Spannendes kleines Detail dabei: Am 27. Februar 2018 erschien Chrono Trigger als PC-Port für Windows-Rechner. Und zwar nur als PC-Port, satte neun Jahre nach der zuvor aktuellsten Version für den Nintendo DS. Warum gab es nicht auch eine Version für die Download-Portale der Spielkonsolen? Die sollten doch eigentlich die meisten potenziellen Käufer einer Chrono-Trigger-Version bieten?
Keine fünf Monate später erschien mit Octopath Traveler 1 dann der Urvater der HD-2D-Spiele.

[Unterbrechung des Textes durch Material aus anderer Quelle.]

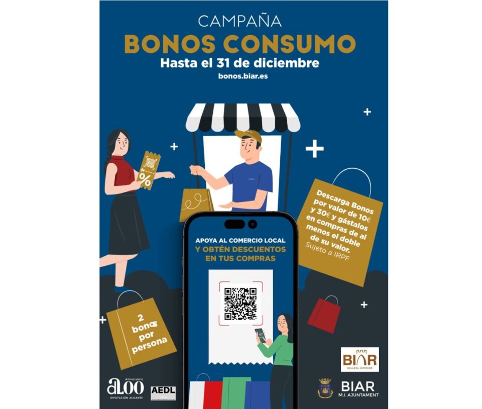 - 14/12/2022. El Ayuntamiento de Biar lanza una campaña de bonos consumo de Navidad, que comienza mañana 15 de diciembre. El reparto de los bonos se realizará a través de la plataforma: bonos.biar.es/ , a partir de las 15:00 horas.
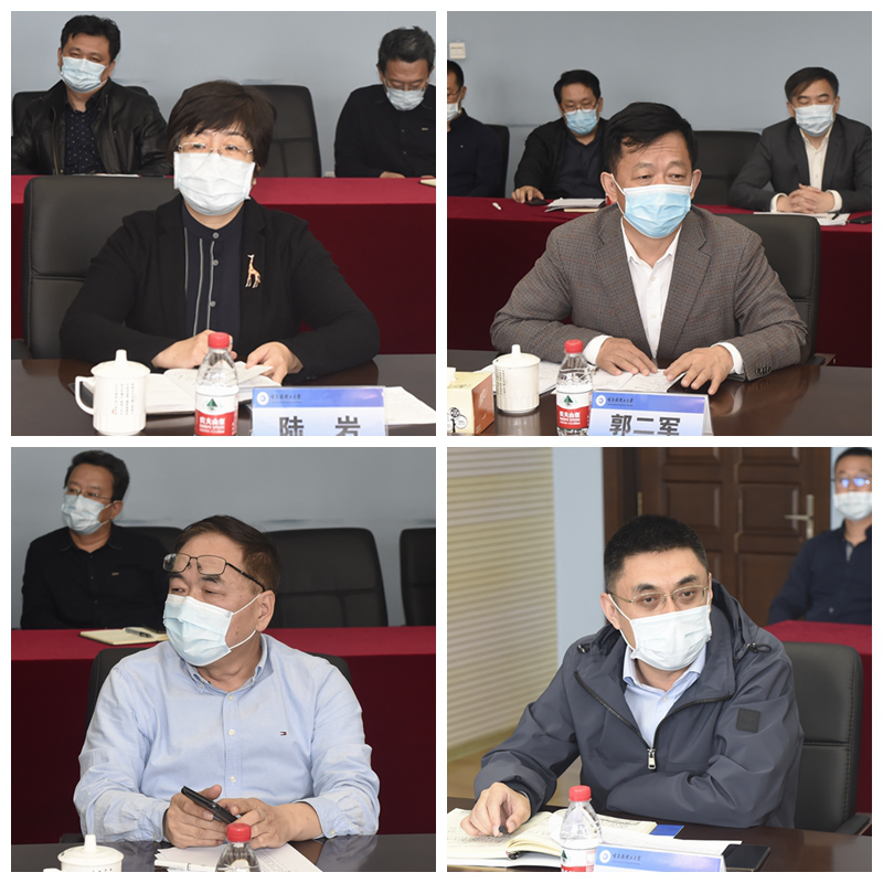 与会校领导陆岩、郭二军、刘胜辉、刘侠陆续发言,从全力保障2020届毕业生顺利毕业、邮寄毕业生个人物品、疫情常态化下的校园疫情防控工作、在线教学、食堂就餐等方面及各自分管工作进行了补充。

Zu diesem Zeitpunkt muss Square-Enix also bereits gewusst haben, dass sie eine neue Technik entwickeln, die sich super für Remakes aus der 16-Bit-Ära eignen würde. Und vielleicht wollte man sich kein mögliches Interesse der Konsolenspieler an einem HD-2D-Chrono-Trigger verbauen, indem man den PC-Port auch für Konsolen verfügbar macht. Mag eine gewagte Theorie sein, aber möglich und logisch wäre sie.